→ Task prompt: Copy the lines below as they are; omit the images they contain.

→ Information shown:
Content starts
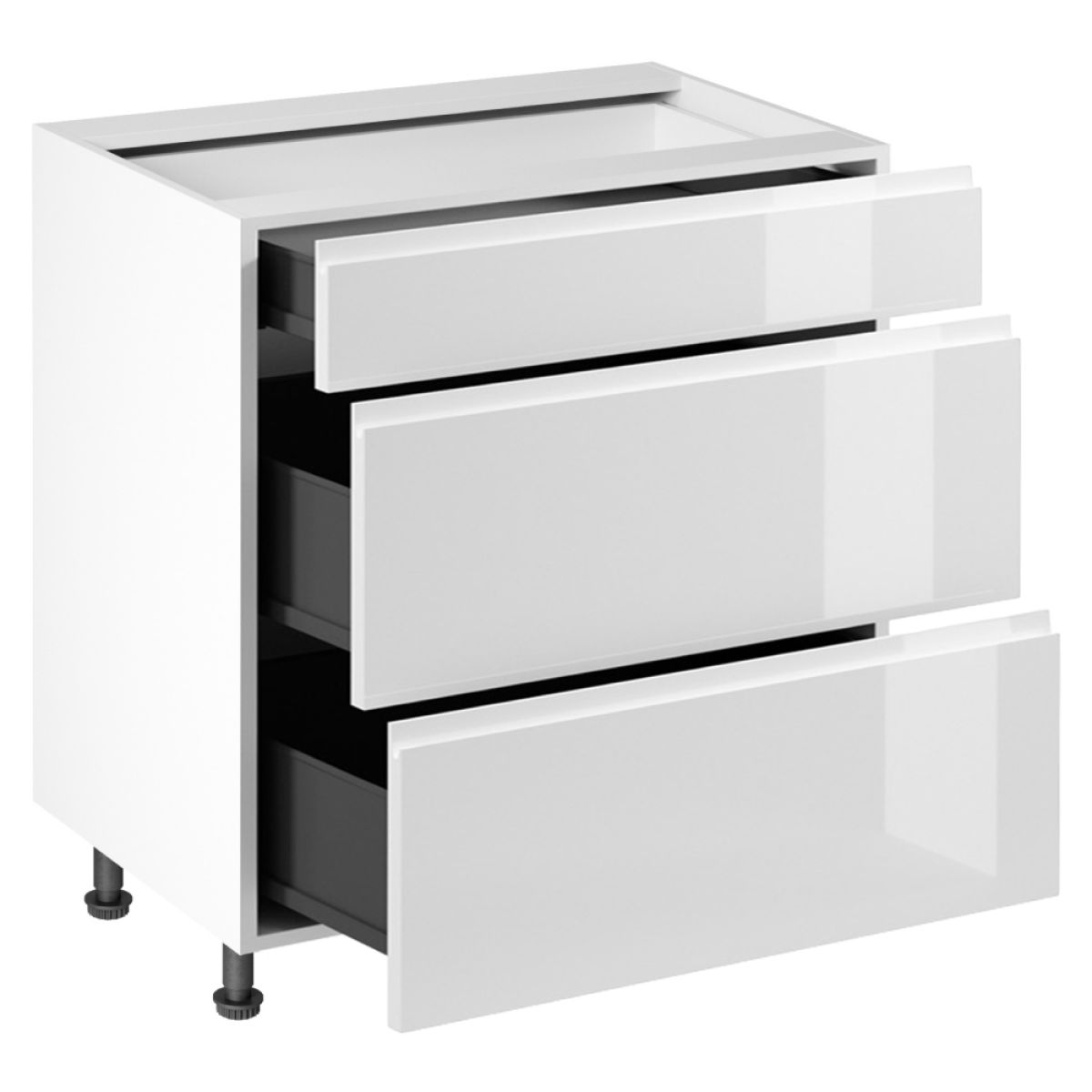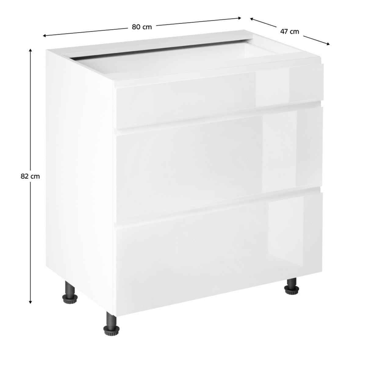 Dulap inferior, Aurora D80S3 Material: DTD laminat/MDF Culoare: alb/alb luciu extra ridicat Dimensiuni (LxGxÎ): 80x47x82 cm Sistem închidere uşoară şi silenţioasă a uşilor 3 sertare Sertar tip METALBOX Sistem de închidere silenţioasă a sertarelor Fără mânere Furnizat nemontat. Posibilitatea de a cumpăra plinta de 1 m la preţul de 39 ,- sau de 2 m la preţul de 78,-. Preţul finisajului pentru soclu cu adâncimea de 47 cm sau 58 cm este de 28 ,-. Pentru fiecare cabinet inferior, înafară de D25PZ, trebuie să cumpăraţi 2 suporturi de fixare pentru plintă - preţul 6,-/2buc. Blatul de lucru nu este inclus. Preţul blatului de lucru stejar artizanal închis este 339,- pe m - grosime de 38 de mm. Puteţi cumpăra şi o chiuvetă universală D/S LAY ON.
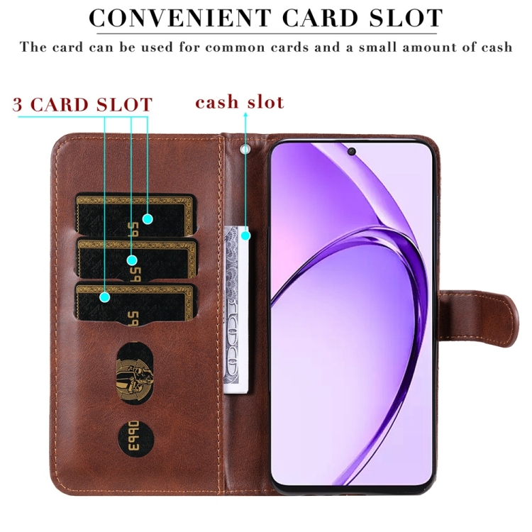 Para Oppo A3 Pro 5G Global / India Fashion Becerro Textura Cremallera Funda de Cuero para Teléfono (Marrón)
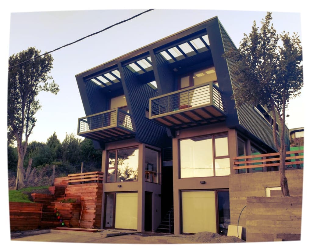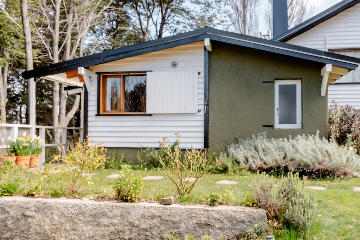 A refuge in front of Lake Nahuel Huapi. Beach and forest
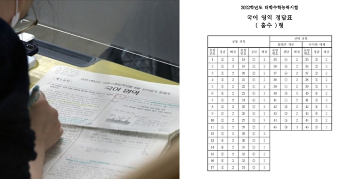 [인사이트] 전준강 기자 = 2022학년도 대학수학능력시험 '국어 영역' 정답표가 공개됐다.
Content ends
→ Solution to the exercise:
 Dulap inferior, Aurora D80S3 Material: DTD laminat/MDF Culoare: alb/alb luciu extra ridicat Dimensiuni (LxGxÎ): 80x47x82 cm Sistem închidere uşoară şi silenţioasă a uşilor 3 sertare Sertar tip METALBOX Sistem de închidere silenţioasă a sertarelor Fără mânere Furnizat nemontat. Posibilitatea de a cumpăra plinta de 1 m la preţul de 39 ,- sau de 2 m la preţul de 78,-. Preţul finisajului pentru soclu cu adâncimea de 47 cm sau 58 cm este de 28 ,-. Pentru fiecare cabinet inferior, înafară de D25PZ, trebuie să cumpăraţi 2 suporturi de fixare pentru plintă - preţul 6,-/2buc. Blatul de lucru nu este inclus. Preţul blatului de lucru stejar artizanal închis este 339,- pe m - grosime de 38 de mm. Puteţi cumpăra şi o chiuvetă universală D/S LAY ON.
 Para Oppo A3 Pro 5G Global / India Fashion Becerro Textura Cremallera Funda de Cuero para Teléfono (Marrón)
 A refuge in front of Lake Nahuel Huapi. Beach and forest
 [인사이트] 전준강 기자 = 2022학년도 대학수학능력시험 '국어 영역' 정답표가 공개됐다.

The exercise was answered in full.